Step 5 – Keep Talking – even when nobody is listening

“If everybody in this world just listened, there would be complete silence” – Anonymous

Communication is one of the important pillars on which success of cutover planning rests. Cutover Manager should engage with all stakeholders and walk through the plan at length. Any questions, queries, clarifications, doubts should be addressed and it is ensured that everybody is on same page (of same book!). Recently I have seen projects where Cutover Manager develop videos and podcasts to be socialised on organization’s portal so that cutover strategy & methodology can be made clear to all involved. Escalation mechanism and query resolution matrix are communicated, task sheet created to give visibility of questions asked and how they would be resolved.

Some of the organizations where I worked were very conservative and therefore miserly with words. I cannot stress enough that overdoing communication would do no harm but under-communication would definitely give rise to confusion, which can be our tripping point during cutover execution.

Step 6 – Celebrate, Enjoy, Document (in the same order)

Once system is live, it is party-time. Whole team has worked hard so there should be celebrations and enjoyment. Everybody should get an opportunity in rotation to take some important time off and recharge their batteries.

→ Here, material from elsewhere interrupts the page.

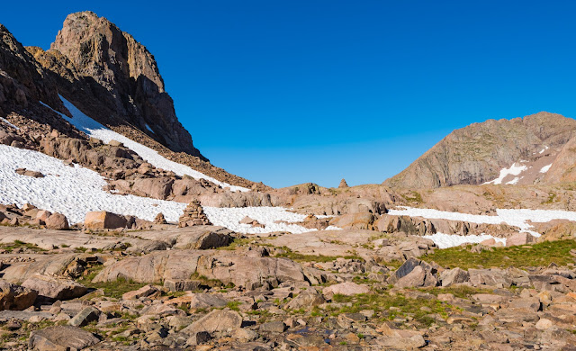 Looking back in the direction we'd come; you can see some of those huge cairns popping up occasionally. The Twin Lakes would be visible well below the edge of that saddle area in the middle of this shot.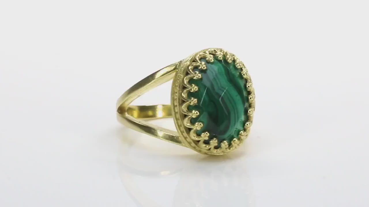 Elegant Malachite Ring with 14K Rose Gold-filled Band

BUT (and there is always a but…) we should not forget to document our learnings and putting it in shared drive. Cutover Manager’s job is not complete till the time all learnings are comprehensively documented and stored properly for future use. This task is important from governance principle perspective and also linked to more critical activities like acting as supporting documentation during any system or project audit.

And yes, documenting our cutover execution learning is also important because sometime later when we open an old drawer we should find old notes and then memories should start creeping in about what we did, what we did not do and what we should have done during CUTOVER.